She sent out the verification signal, waiting for the reply. It came back
faster than she thought it would but badly distorted. Electromagnetic
radiation from the storm was clearly to blame but the gateway was unstable
enough without added distortion.
Ahead, it shimmered, a gaping maw as black as the void through which they
were about to pass. She allowed the secretion of more serotonin, counting on
it to calm her during the transition. As matriarch of the group, she
shouldered the responsibility for all of their safety, and passing through
the gateway was a dangerous business.
She queried again, this time the signal came back cleanly from the other
side. Her eyes told her that it was unstable, but she trusted her other
senses far more than her vision. The signal hadn't lied to her in all her
many crossings. She would get them through, but their window of opportunity
was closing fast.
Increasing her velocity she urged the others on to greater speed. They
needed the pace to breach the gateway's membrane. Quietly she enjoyed these
final moments, the rush of the world racing by, the smell of the wild. They
almost made the deathly half-life of Transition worthwhile.
Not long now. She prayed the gateway would remain open long enough for them
to pass through safely. It was finally time for her kind to return.
And then they were upon it.

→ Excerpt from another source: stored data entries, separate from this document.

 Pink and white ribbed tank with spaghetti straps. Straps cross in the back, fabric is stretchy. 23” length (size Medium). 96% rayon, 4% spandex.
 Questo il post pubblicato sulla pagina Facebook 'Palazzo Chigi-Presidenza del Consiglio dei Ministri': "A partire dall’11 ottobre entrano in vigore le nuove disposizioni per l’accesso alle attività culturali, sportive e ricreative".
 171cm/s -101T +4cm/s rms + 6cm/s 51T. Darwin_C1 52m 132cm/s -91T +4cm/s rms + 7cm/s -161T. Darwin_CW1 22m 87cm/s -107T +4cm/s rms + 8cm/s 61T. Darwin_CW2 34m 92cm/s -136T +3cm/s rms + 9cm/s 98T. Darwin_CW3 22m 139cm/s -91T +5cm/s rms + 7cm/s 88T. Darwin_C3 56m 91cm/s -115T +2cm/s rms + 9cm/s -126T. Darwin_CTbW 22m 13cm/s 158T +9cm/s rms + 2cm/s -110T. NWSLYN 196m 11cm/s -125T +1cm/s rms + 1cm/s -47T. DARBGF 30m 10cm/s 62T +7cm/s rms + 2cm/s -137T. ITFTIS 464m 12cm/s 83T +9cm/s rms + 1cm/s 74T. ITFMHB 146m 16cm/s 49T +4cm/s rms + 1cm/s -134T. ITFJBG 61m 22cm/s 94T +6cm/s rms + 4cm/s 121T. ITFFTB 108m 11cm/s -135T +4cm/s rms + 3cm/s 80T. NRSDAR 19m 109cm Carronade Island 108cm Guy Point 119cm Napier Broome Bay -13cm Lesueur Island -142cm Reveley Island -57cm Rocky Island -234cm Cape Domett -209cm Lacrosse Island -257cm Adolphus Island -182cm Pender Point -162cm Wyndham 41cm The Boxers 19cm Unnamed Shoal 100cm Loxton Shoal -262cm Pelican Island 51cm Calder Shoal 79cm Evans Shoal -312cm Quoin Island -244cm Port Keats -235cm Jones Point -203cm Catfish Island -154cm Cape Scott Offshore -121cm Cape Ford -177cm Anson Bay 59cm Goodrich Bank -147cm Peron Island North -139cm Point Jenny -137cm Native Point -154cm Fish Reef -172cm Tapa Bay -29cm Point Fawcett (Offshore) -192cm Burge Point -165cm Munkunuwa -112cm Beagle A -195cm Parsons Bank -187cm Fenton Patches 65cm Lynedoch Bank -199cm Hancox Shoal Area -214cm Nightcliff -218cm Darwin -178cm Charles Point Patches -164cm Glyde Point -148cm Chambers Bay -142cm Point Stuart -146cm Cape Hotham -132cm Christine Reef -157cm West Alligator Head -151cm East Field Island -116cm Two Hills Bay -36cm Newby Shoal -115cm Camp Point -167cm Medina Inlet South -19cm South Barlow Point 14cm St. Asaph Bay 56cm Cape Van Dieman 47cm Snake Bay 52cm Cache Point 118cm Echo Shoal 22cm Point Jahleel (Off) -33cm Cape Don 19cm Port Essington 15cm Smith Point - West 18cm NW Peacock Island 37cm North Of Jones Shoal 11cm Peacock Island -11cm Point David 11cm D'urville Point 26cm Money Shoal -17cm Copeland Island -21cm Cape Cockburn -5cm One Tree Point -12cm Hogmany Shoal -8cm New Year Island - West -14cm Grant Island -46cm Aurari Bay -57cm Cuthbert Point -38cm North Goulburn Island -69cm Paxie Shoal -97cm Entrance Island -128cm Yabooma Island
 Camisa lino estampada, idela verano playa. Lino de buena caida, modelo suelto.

She breached the membrane before the others,
quickly sending out a burst of signal to let the receiver know they were on
their way. She screamed when it returned to her in a swirl of backwash and
white noise. The connection was broken, if they made it through, there would
be no going back.
She tried to stop but they'd reached terminal velocity. There could be no
backing out now. She closed her eyes, knowing that this time the transition
was final.
* * *
"Oh my God!" Sally lifted her arm, thrusting a finger towards the sea.
"What the hell's that?"
Kyle shrugged, but looked anyway. It was all the same to him. He'd brought
her out here to watch the lightning and maybe get lucky. At least that was
the plan. In the direction she was pointing, he could make out dark shapes,
clearly visible against the thrashing whitecaps.

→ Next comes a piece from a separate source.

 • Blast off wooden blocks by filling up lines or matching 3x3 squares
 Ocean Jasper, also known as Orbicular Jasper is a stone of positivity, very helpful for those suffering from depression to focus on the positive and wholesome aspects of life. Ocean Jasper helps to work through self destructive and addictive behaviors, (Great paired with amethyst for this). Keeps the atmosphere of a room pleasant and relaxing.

Then the realization of what he was seeing struck him. "Whales," he shouted,
running towards the water. Sally joined him, wrapping her arms around him
from behind, using him as a shelter from the biting wind.
He fought against the emotion that boiled through him at the memory of the
great beasts from his childhood, breaching, splashing and playing in the
warm waters of the bay, as tears threatened to well in his eyes. But that
was all they were - memories.
"How..." Sally's voice faded, her eyes wide.
He shook his head, unable to give a decent reply, eyes following the great
beasts as they paralleled the shore.
He vaguely felt her cold fingers squeeze his arm. "Where did they come
from?" she asked softly.
He had no answer.
The wind that whistled across the sand was the only reply. They stood
together in wonder, their eyes taking in every detail of the sea as it
buoyed up the great creatures that had been extinct for thirty years.